[Dataset excerpts]

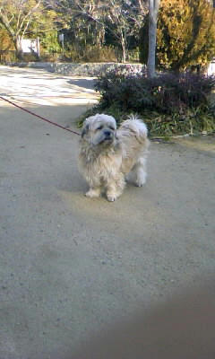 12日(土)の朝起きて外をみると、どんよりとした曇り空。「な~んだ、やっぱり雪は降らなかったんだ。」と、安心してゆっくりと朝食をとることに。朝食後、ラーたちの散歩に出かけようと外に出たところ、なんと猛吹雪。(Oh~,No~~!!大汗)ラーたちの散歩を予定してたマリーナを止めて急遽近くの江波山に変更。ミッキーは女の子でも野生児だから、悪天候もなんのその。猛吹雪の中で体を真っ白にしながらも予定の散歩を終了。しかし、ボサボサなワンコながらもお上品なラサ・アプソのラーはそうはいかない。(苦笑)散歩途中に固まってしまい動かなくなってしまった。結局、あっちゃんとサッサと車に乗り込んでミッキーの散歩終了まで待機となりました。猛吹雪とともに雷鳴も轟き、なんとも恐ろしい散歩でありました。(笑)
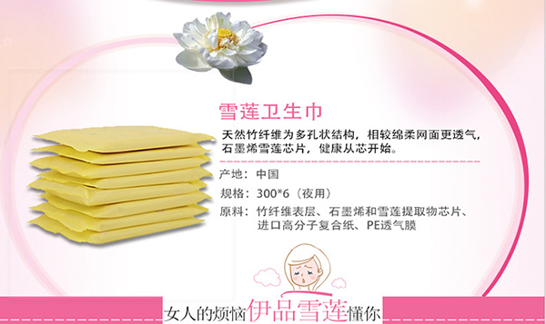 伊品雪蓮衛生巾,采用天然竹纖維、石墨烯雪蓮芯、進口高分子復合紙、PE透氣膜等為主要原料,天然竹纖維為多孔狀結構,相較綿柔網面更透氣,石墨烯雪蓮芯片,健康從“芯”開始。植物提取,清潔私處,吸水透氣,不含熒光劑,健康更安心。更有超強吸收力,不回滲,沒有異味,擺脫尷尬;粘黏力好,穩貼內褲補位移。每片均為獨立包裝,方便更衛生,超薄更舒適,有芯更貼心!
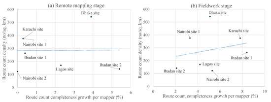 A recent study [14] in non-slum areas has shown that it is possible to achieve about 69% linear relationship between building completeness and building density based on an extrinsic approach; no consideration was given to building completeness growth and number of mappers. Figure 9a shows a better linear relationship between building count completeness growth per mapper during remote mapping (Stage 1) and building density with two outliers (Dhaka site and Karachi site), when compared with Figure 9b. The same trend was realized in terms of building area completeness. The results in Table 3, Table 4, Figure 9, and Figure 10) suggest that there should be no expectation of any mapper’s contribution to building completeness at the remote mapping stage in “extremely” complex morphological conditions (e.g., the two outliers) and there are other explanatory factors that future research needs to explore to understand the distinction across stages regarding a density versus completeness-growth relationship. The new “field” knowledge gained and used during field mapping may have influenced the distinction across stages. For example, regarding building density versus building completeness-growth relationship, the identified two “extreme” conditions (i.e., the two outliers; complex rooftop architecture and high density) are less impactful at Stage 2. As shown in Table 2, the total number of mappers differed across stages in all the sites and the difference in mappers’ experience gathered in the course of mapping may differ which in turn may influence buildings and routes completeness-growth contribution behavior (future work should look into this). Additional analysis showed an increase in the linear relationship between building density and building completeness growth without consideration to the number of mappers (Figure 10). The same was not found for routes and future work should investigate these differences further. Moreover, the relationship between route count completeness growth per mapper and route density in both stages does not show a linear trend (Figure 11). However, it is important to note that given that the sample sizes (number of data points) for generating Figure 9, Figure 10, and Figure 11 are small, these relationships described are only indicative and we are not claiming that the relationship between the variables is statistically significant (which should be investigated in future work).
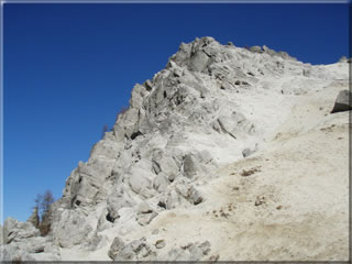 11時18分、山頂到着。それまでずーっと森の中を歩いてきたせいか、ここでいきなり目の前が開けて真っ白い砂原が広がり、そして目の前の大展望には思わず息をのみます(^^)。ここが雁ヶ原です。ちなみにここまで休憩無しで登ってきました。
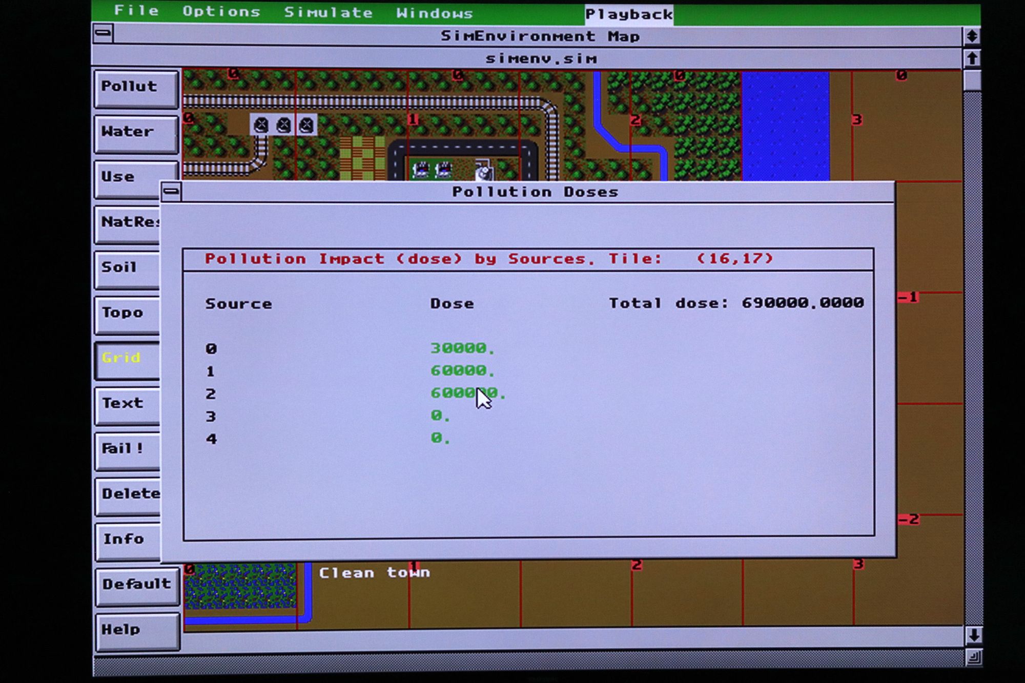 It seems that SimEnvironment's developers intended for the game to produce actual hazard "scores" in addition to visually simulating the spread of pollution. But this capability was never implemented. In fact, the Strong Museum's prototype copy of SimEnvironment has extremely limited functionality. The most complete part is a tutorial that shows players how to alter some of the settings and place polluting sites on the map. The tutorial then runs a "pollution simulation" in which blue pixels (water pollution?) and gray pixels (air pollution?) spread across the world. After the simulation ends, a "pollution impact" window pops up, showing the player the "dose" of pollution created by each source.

REQUIRED WORK:
Type the records out again in full, exactly, with each picture omitted.

RESPONSE BELOW:
 12日(土)の朝起きて外をみると、どんよりとした曇り空。「な~んだ、やっぱり雪は降らなかったんだ。」と、安心してゆっくりと朝食をとることに。朝食後、ラーたちの散歩に出かけようと外に出たところ、なんと猛吹雪。(Oh~,No~~!!大汗)ラーたちの散歩を予定してたマリーナを止めて急遽近くの江波山に変更。ミッキーは女の子でも野生児だから、悪天候もなんのその。猛吹雪の中で体を真っ白にしながらも予定の散歩を終了。しかし、ボサボサなワンコながらもお上品なラサ・アプソのラーはそうはいかない。(苦笑)散歩途中に固まってしまい動かなくなってしまった。結局、あっちゃんとサッサと車に乗り込んでミッキーの散歩終了まで待機となりました。猛吹雪とともに雷鳴も轟き、なんとも恐ろしい散歩でありました。(笑)
 伊品雪蓮衛生巾,采用天然竹纖維、石墨烯雪蓮芯、進口高分子復合紙、PE透氣膜等為主要原料,天然竹纖維為多孔狀結構,相較綿柔網面更透氣,石墨烯雪蓮芯片,健康從“芯”開始。植物提取,清潔私處,吸水透氣,不含熒光劑,健康更安心。更有超強吸收力,不回滲,沒有異味,擺脫尷尬;粘黏力好,穩貼內褲補位移。每片均為獨立包裝,方便更衛生,超薄更舒適,有芯更貼心!
 A recent study [14] in non-slum areas has shown that it is possible to achieve about 69% linear relationship between building completeness and building density based on an extrinsic approach; no consideration was given to building completeness growth and number of mappers. Figure 9a shows a better linear relationship between building count completeness growth per mapper during remote mapping (Stage 1) and building density with two outliers (Dhaka site and Karachi site), when compared with Figure 9b. The same trend was realized in terms of building area completeness. The results in Table 3, Table 4, Figure 9, and Figure 10) suggest that there should be no expectation of any mapper’s contribution to building completeness at the remote mapping stage in “extremely” complex morphological conditions (e.g., the two outliers) and there are other explanatory factors that future research needs to explore to understand the distinction across stages regarding a density versus completeness-growth relationship. The new “field” knowledge gained and used during field mapping may have influenced the distinction across stages. For example, regarding building density versus building completeness-growth relationship, the identified two “extreme” conditions (i.e., the two outliers; complex rooftop architecture and high density) are less impactful at Stage 2. As shown in Table 2, the total number of mappers differed across stages in all the sites and the difference in mappers’ experience gathered in the course of mapping may differ which in turn may influence buildings and routes completeness-growth contribution behavior (future work should look into this). Additional analysis showed an increase in the linear relationship between building density and building completeness growth without consideration to the number of mappers (Figure 10). The same was not found for routes and future work should investigate these differences further. Moreover, the relationship between route count completeness growth per mapper and route density in both stages does not show a linear trend (Figure 11). However, it is important to note that given that the sample sizes (number of data points) for generating Figure 9, Figure 10, and Figure 11 are small, these relationships described are only indicative and we are not claiming that the relationship between the variables is statistically significant (which should be investigated in future work).
 11時18分、山頂到着。それまでずーっと森の中を歩いてきたせいか、ここでいきなり目の前が開けて真っ白い砂原が広がり、そして目の前の大展望には思わず息をのみます(^^)。ここが雁ヶ原です。ちなみにここまで休憩無しで登ってきました。
 It seems that SimEnvironment's developers intended for the game to produce actual hazard "scores" in addition to visually simulating the spread of pollution. But this capability was never implemented. In fact, the Strong Museum's prototype copy of SimEnvironment has extremely limited functionality. The most complete part is a tutorial that shows players how to alter some of the settings and place polluting sites on the map. The tutorial then runs a "pollution simulation" in which blue pixels (water pollution?) and gray pixels (air pollution?) spread across the world. After the simulation ends, a "pollution impact" window pops up, showing the player the "dose" of pollution created by each source.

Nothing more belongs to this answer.